## [AIM OF THE TASK]
Retype only the lines below from the one with "培训结束后,学院随即组织开展" to the one with "Thank you for", inclusive, skipping every image.

## [MATERIAL SUPPLIED]
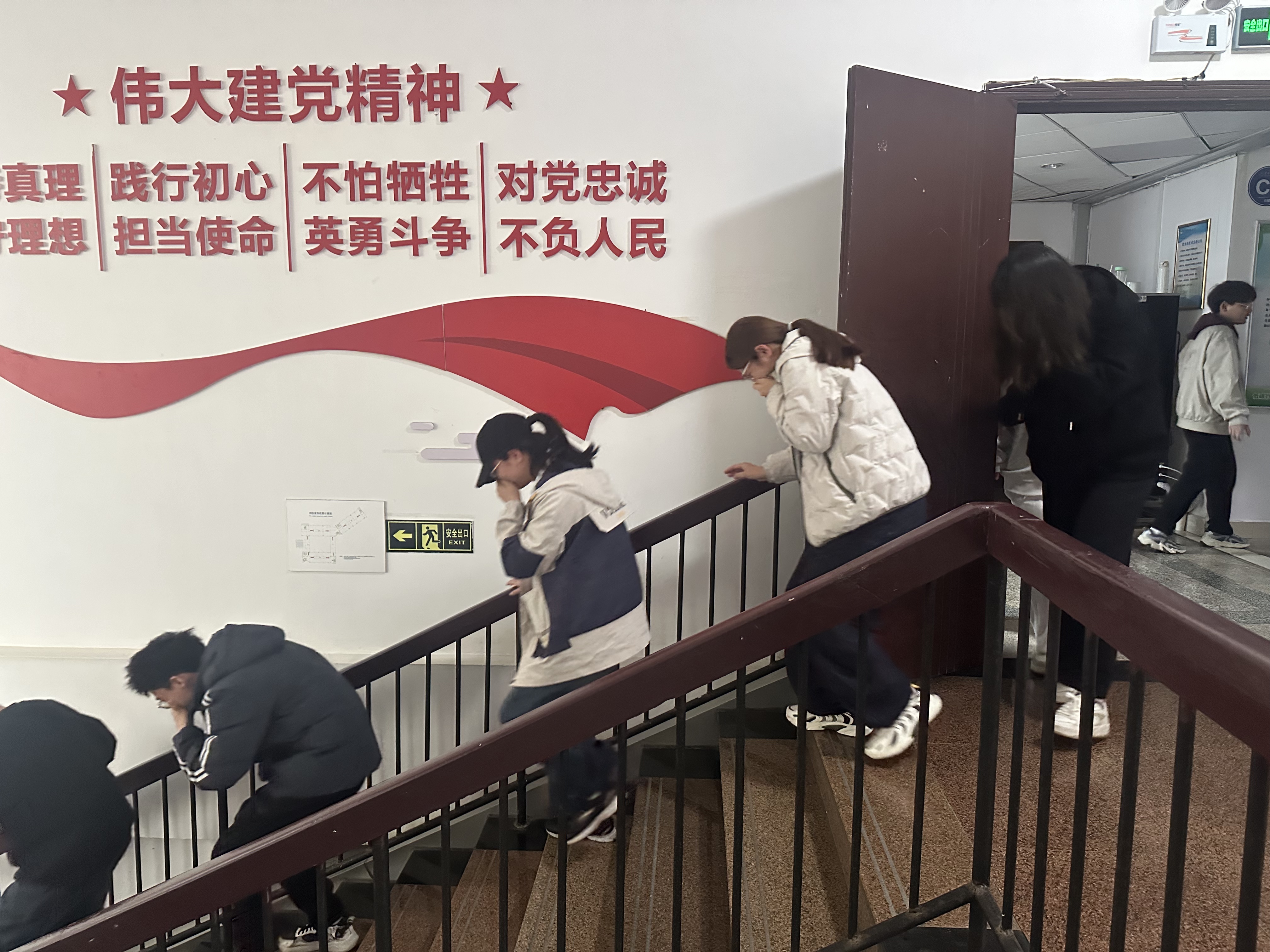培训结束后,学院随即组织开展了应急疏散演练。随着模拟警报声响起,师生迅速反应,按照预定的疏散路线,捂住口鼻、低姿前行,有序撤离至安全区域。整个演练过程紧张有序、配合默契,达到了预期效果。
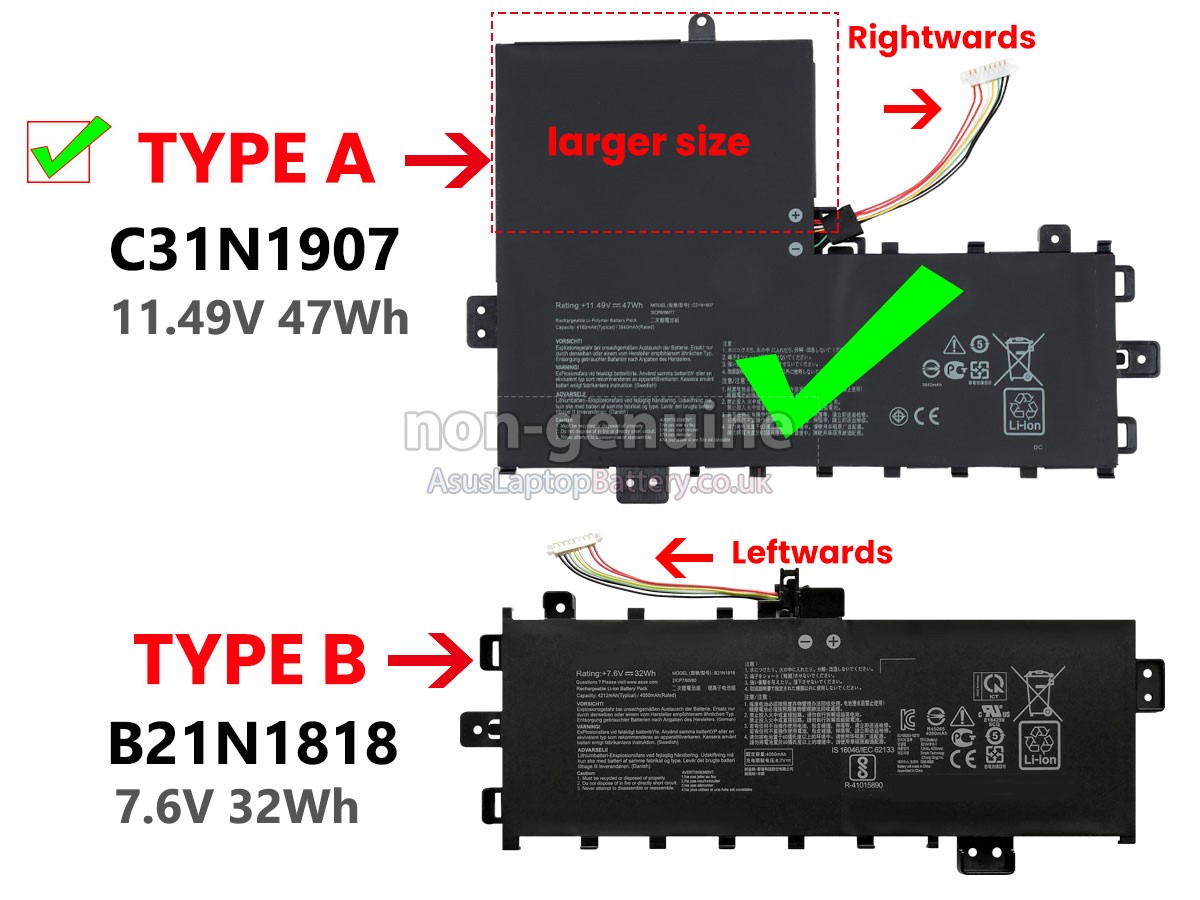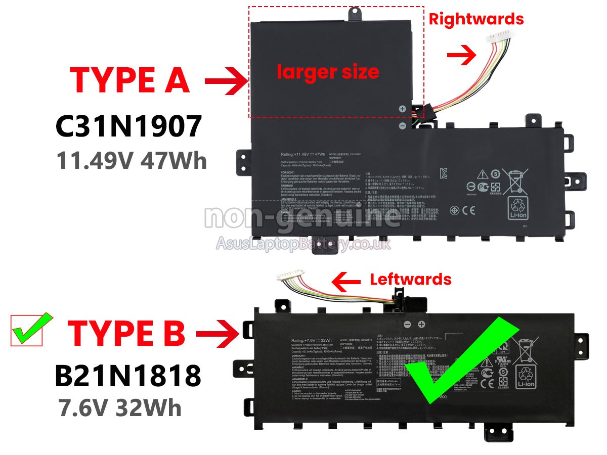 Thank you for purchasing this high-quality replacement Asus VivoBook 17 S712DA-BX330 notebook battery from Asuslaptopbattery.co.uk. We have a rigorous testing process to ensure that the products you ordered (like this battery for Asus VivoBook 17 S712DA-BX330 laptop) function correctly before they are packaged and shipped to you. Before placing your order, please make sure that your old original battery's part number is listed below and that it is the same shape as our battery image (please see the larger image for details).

...

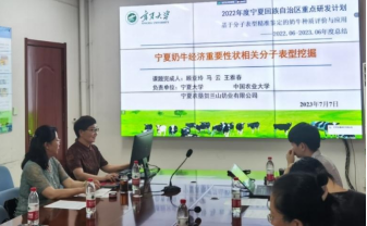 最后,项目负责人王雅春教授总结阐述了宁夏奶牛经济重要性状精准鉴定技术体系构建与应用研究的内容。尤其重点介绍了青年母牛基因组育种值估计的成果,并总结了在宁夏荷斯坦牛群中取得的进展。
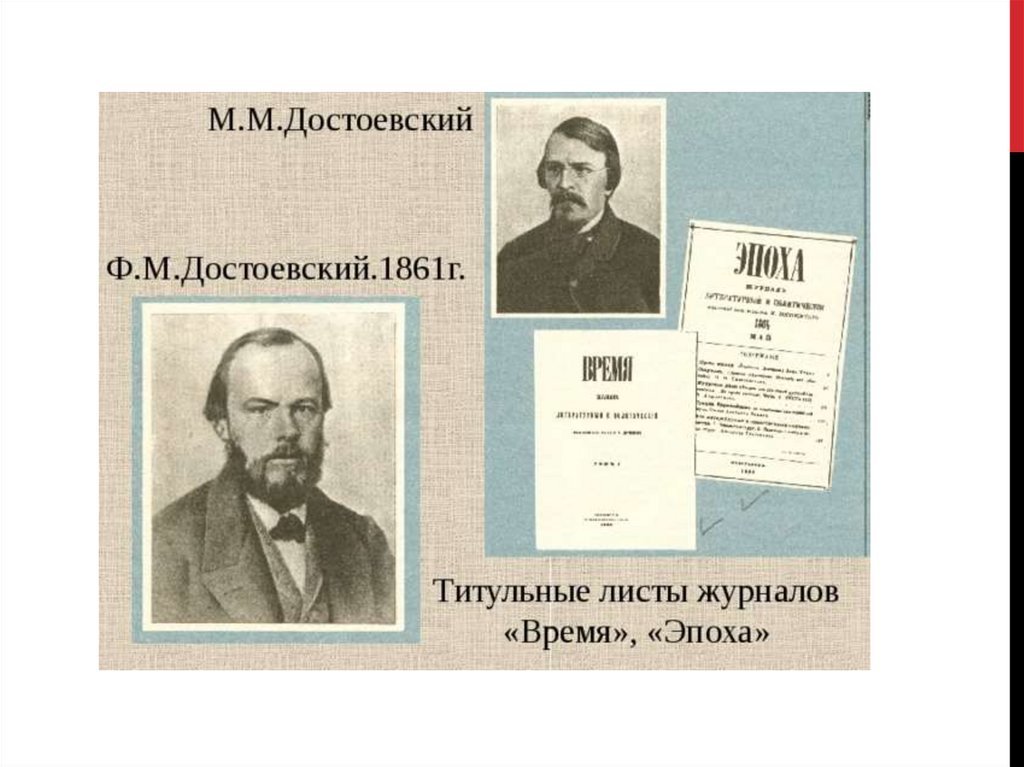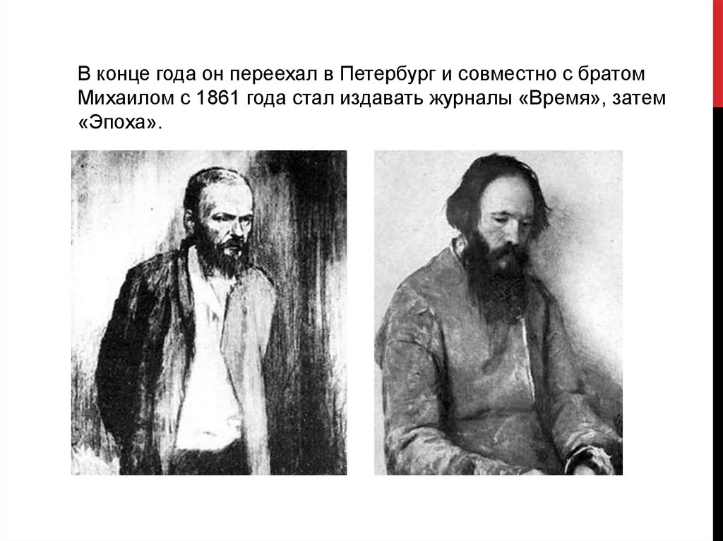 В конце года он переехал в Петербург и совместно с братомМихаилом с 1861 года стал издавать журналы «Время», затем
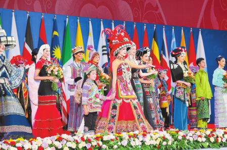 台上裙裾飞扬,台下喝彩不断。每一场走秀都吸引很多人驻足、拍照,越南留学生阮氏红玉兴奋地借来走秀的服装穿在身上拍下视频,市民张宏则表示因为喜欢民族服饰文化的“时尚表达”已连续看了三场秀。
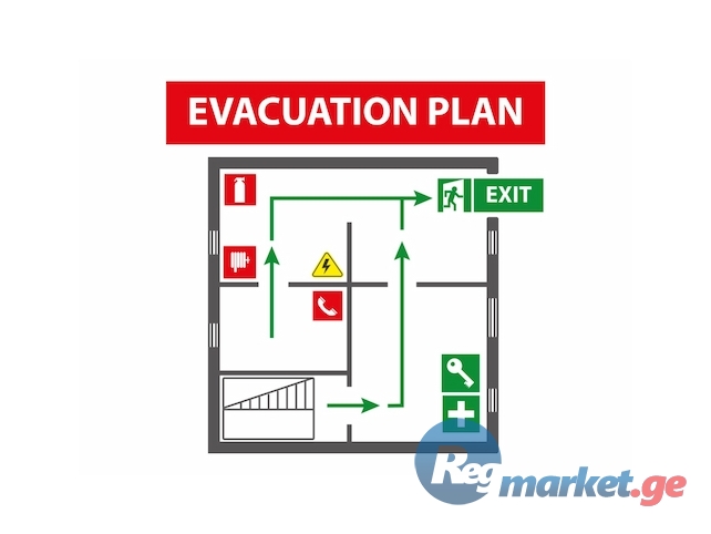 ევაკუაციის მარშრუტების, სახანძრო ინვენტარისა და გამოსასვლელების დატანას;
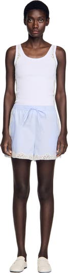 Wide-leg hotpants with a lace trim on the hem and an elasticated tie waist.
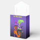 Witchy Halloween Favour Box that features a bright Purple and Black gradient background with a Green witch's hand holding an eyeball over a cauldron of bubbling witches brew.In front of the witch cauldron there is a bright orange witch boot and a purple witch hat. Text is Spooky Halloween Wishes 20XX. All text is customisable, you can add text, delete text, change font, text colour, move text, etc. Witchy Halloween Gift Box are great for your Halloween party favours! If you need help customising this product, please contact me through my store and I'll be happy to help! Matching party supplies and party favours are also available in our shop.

## [COMPLETED TASK]
培训结束后,学院随即组织开展了应急疏散演练。随着模拟警报声响起,师生迅速反应,按照预定的疏散路线,捂住口鼻、低姿前行,有序撤离至安全区域。整个演练过程紧张有序、配合默契,达到了预期效果。
 Thank you for purchasing this high-quality replacement Asus VivoBook 17 S712DA-BX330 notebook battery from Asuslaptopbattery.co.uk. We have a rigorous testing process to ensure that the products you ordered (like this battery for Asus VivoBook 17 S712DA-BX330 laptop) function correctly before they are packaged and shipped to you. Before placing your order, please make sure that your old original battery's part number is listed below and that it is the same shape as our battery image (please see the larger image for details).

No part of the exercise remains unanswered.